Dutt squarely blames the vanished Bollywood heroism on the suits. “I feel that this whole corporate structure coming and encroaching our space in Bollywood ruined everything. Because, those guys sitting on the table and who are giving the money, have got no right to interfere with the director for his creation, or with the actors or give their thought to content or a script, when [they] don’t have any idea about it, when it’s not their business,” says Dutt.

“Their business is funding and that’s where the business ends. But once you start interfering in the script and in the direction and in the budgets and this and that, then things go haywire, and that’s why I think we lost out on a lot of good stuff during that time,” Dutt adds. “Whereas in the South this corporate structure does not exist. There are people who, from the production or from the producer, to the director, to everybody involved in the team… they’re passionate about making good films and that is the thing which has worked for them. And that has gone against us because that passion of making movies or that passion of making something great and working and performing is gone. Which I think will come back. At least in my company, it will come back.”

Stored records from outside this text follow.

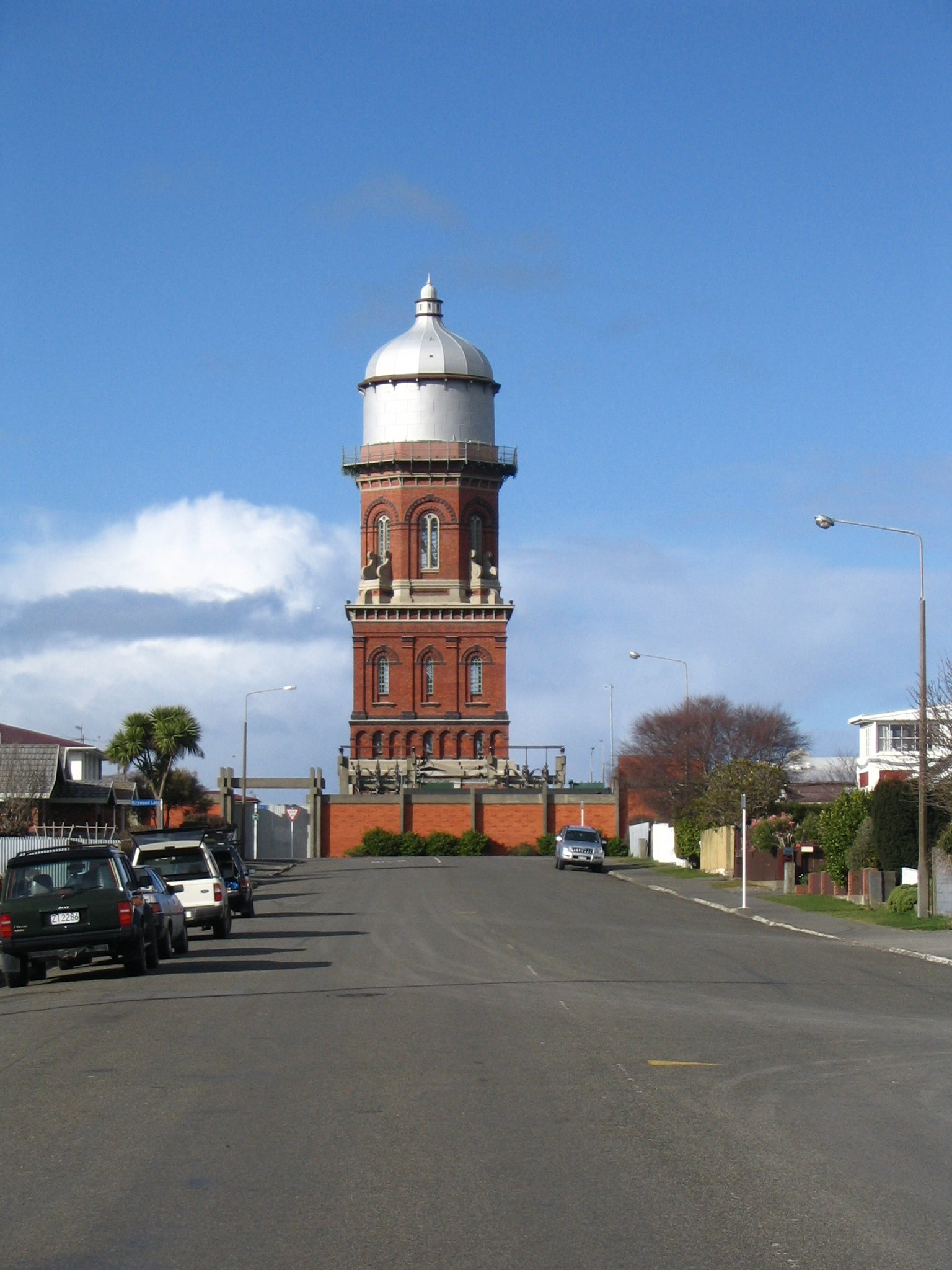 Invercargill Water Tower, New Zealand. Photographer: Willuknight 03:52, 11 November 2006 (UTC) Taken: Leet St, Invercargill, New Zealand Subject: Invercargill Water Tower
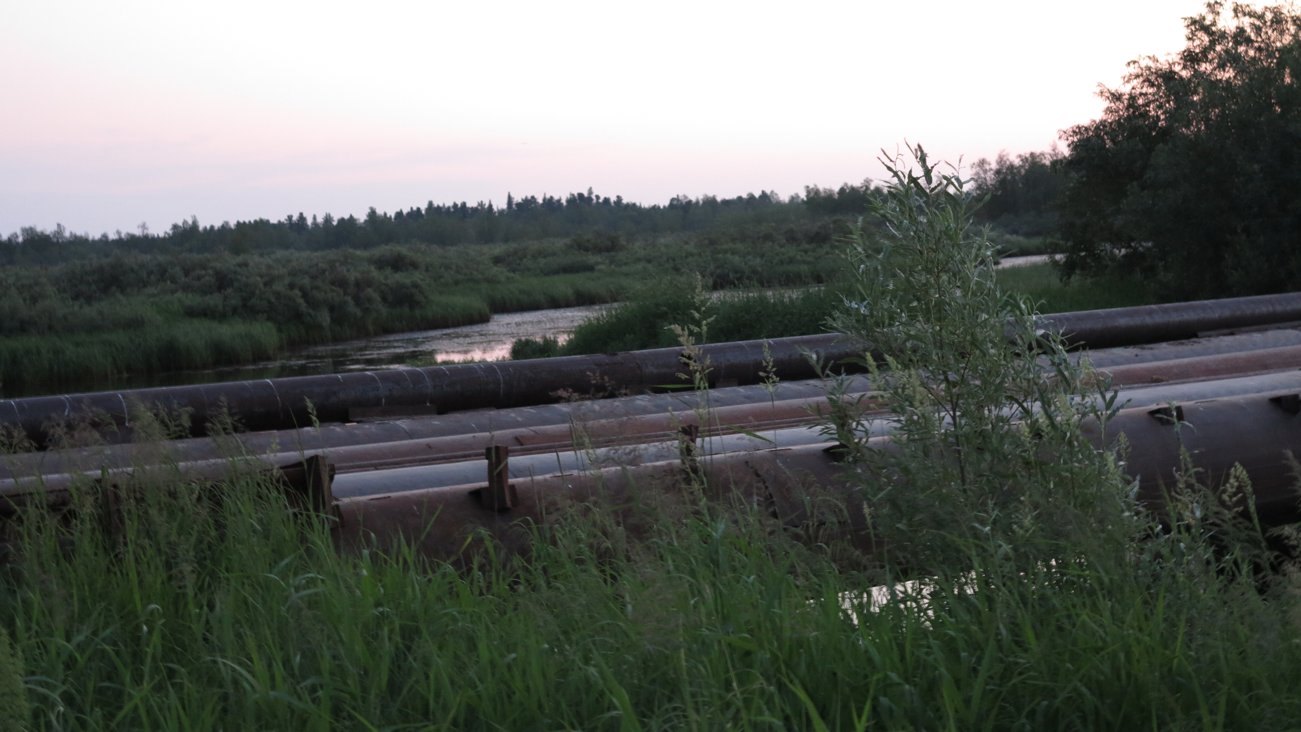 Bridge over the River Pohi-Yaha Latitude 63 ° 12'45.45 "longitude 77 ° 51'22.12" In
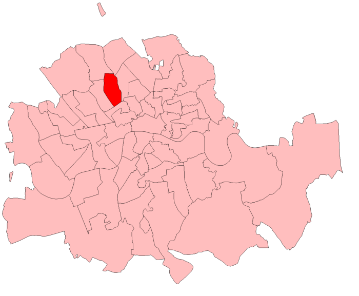 A map of St Pancras East constituency within the Metropolitan Board of Works area, as it existed from 1885 to 1918.
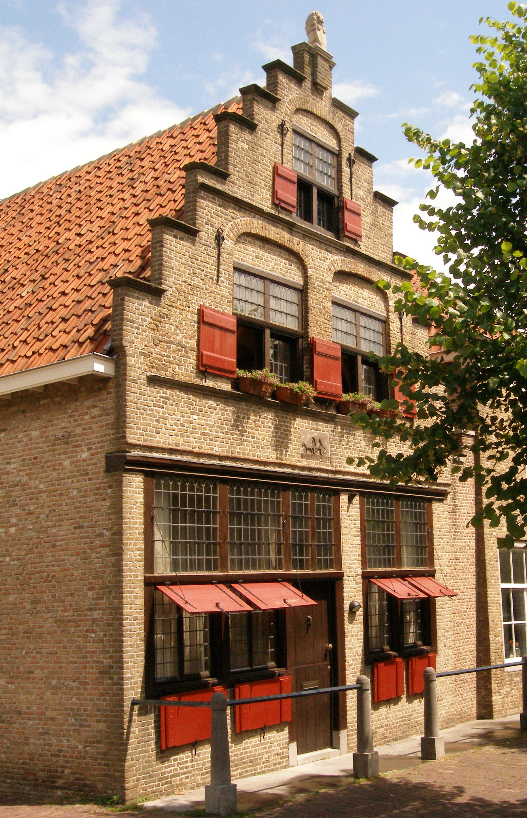 "Inde Vrachwage" ("in the lorry") was built in 1646. The address is Venestraat 29, Geertruidenberg (the Netherlands). The owner at the time, Cornelis Meertens de Jonge, was a driver.

As an actor, Dutt has several films delayed because of COVID-19 due for release including historical “Prithviraj” alongside Akshay Kumar, period action drama “Shamshera” with Ranbir Kapoor and crime drama “KGF: Chapter 2,” the sequel to the 2018 Kannada-language film that became a pan-India blockbuster.

Dutt’s own life has been colorful enough to adapt as a Bollywood film, and it has. A popular actor from the 1980s to the present day, Dutt also went through a period of drug abuse, endured multiple bereavements and overcame cancer. From 1993 to 2016, Dutt was in and out of prison on charges of possessing weapons during the 1993 Bombay bombings.

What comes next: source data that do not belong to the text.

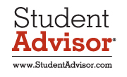 logo
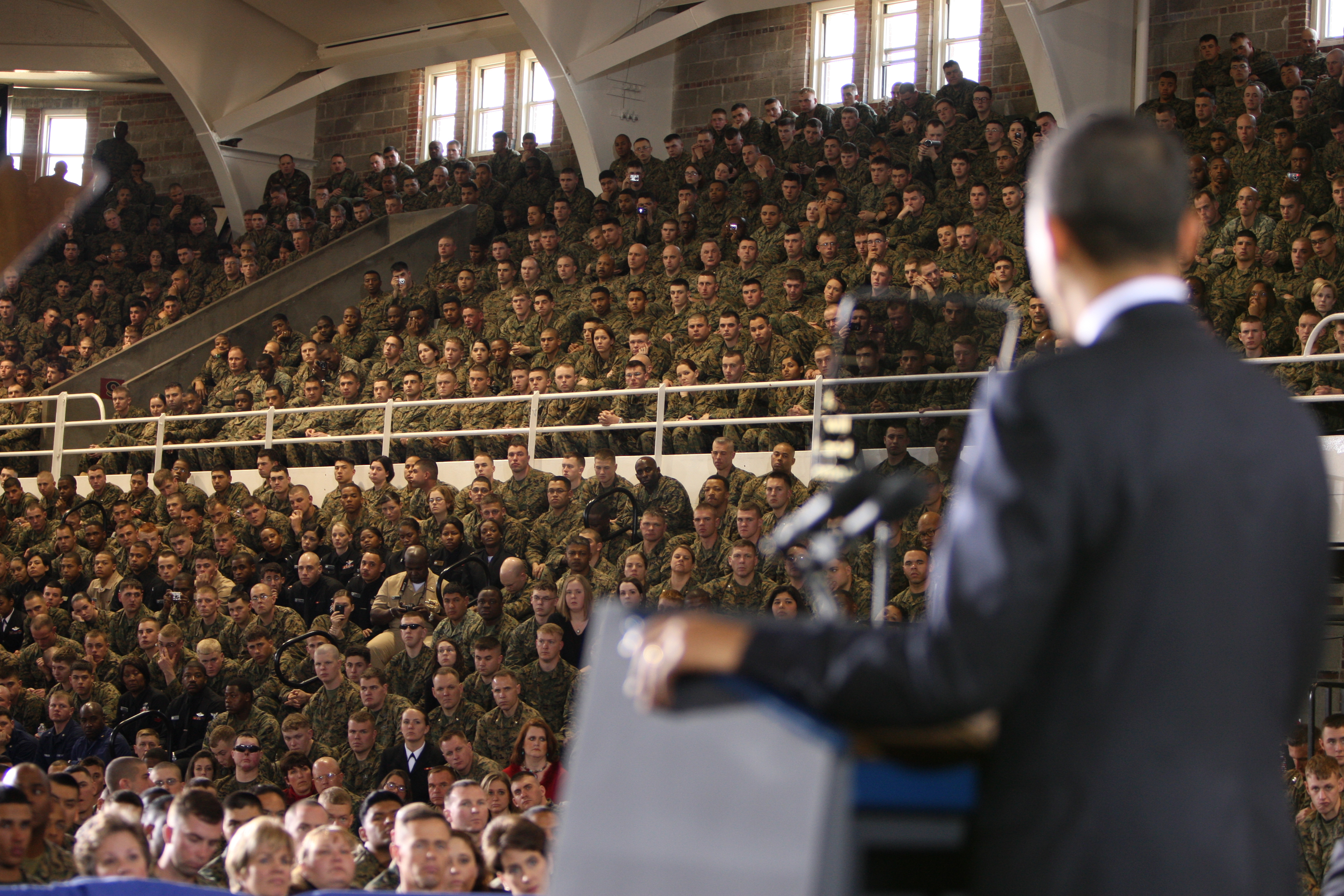 President of the United States Barack Obama talks to service members and civilians during his visit to Camp Lejeune, N.C., Feb. 27, 2009. The President is visiting Camp Lejeune to speak on current policies and exit strategy from Iraq. VIRIN: 090227-M-7069A-004
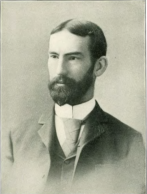 American economist Richmond Mayo-Smith, photographed at some point before his death in 1901.
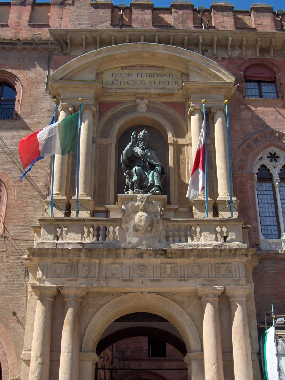 Gregorius XIII, bronze statue of the Bolognese pope by Alessandro Menganti (1576-1580); Palazzo d'Accursio, Bologna, Italy
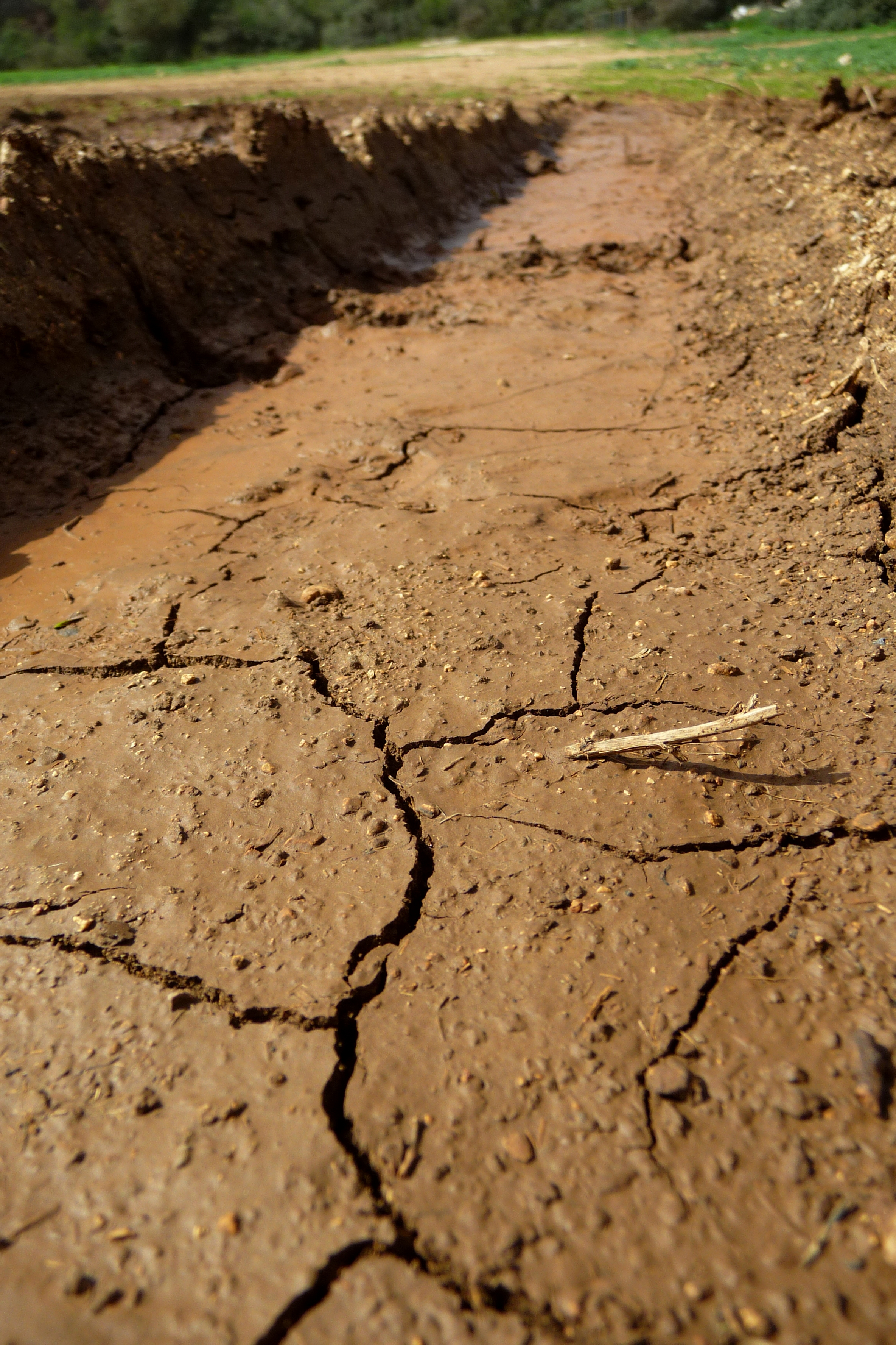 Carmel Park
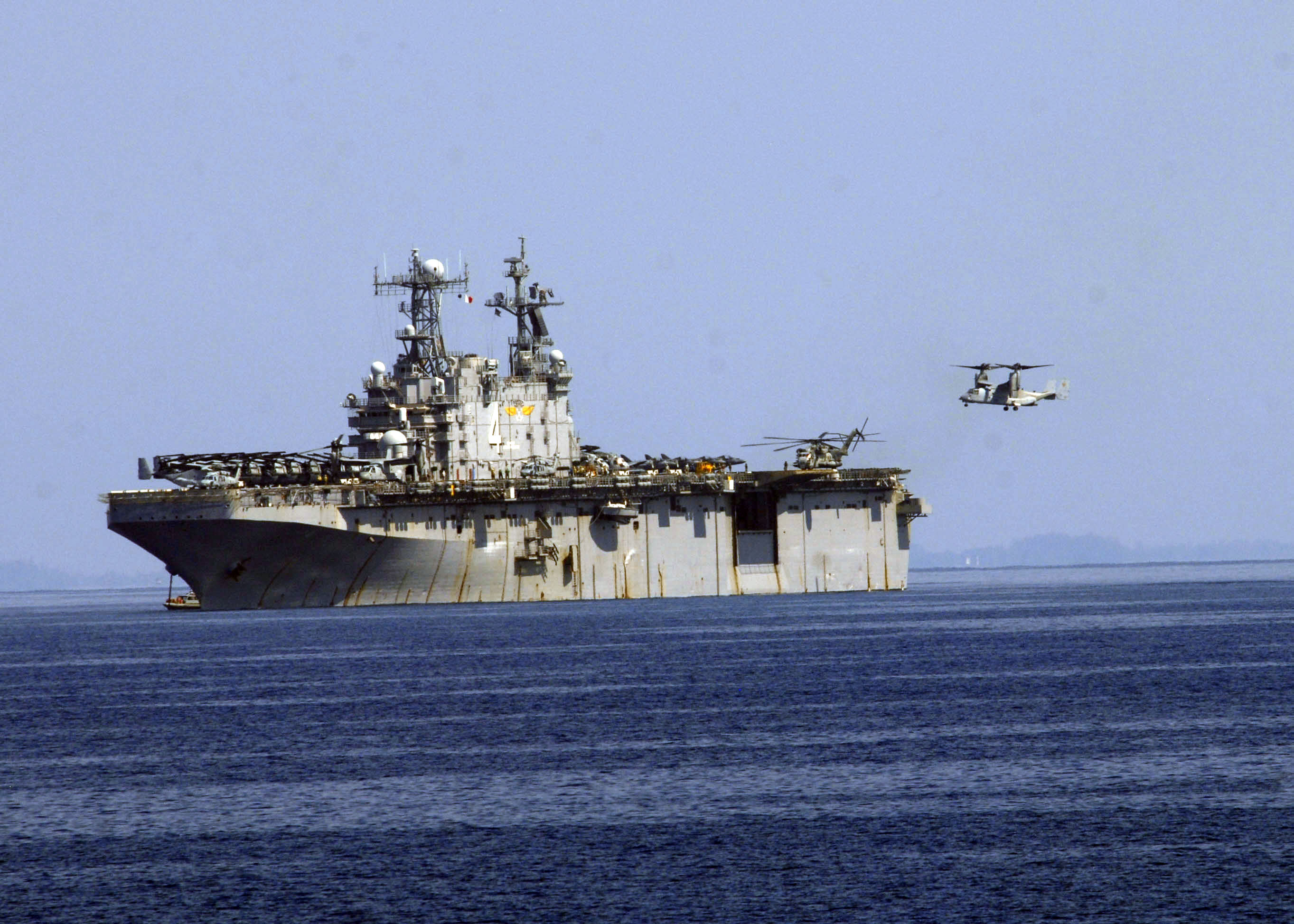 NEPLY, Haiti (Feb. 8, 2010) A V-22 Osprey prepares to land aboard the amphibious assault ship USS Nassau (LHA 4) off the coast of Haiti. Nassau is conducting humanitarian and disaster relief operations as part of Operation Unified Response after a 7.0 magnitude earthquake caused severe damage in and around Port-au-Prince, Haiti Jan. 12. (U.S. Navy Photo by Mass Communication Specialist 1st Class Edward Kessler/Released)

“I served time in prison and I faced it and I came out. And I was welcomed back by my film industry, and that’s absolutely family for me, and it’s always great the way they supported me and they support me always,” says Dutt. “And then it was this phase of cancer, which I’m out of. And I’m doing great.”

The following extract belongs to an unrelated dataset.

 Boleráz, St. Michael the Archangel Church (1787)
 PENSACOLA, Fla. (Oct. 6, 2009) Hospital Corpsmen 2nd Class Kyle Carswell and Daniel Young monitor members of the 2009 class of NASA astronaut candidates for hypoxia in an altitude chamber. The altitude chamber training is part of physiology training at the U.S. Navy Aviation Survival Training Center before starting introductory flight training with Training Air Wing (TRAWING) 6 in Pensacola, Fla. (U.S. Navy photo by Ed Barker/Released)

While the actor had a string of hits behind him, Rajkumar Hirani’s “Munna Bhai M.B.B.S.” (2003) and its sequel “Lage Raho Munna Bhai” (2006), produced by Vidhu Vinod Chopra, endeared Dutt to a whole new generation of fans. Dutt plays genial hoodlum Munna Bhai, who inadvertently ends up being a do-gooder and Arshad Warsi plays his loyal sidekick Circuit. The films were enormously successful and fans have been clamoring for a third film.

Dutt says that he has asked Hirani and Chopra about the third part several times and has suggested that since he and Warsi are now older, the script reflect that. “They are in the thinking process and God willing it’ll happen,” says Dutt.

Hirani directed 2018 biopic “Sanju” with Ranbir Kapoor playing Dutt.

“It was an amazing and a very emotional journey for me to watch the film, and I love the way Raju portrayed all the characters in the film, and he wrote it so well, but, there’s so much to be said yet,” says Dutt. “You can’t say it in two hours and 30 minutes. And there’s so many chapters of my life, which can teach the younger generation or inspire them – it can be both. And I wish somebody can make a huge series on it. I’m not saying great life journey – I don’t want anybody to go through what I’ve gone through. But it’s definitely a learning process for the younger generation to hear that story.”

So would Three Dimension be the logical home for a streaming series on Dutt’s life? “You’ve put that seed in my head, I’m going to be thinking about it now,” says Dutt.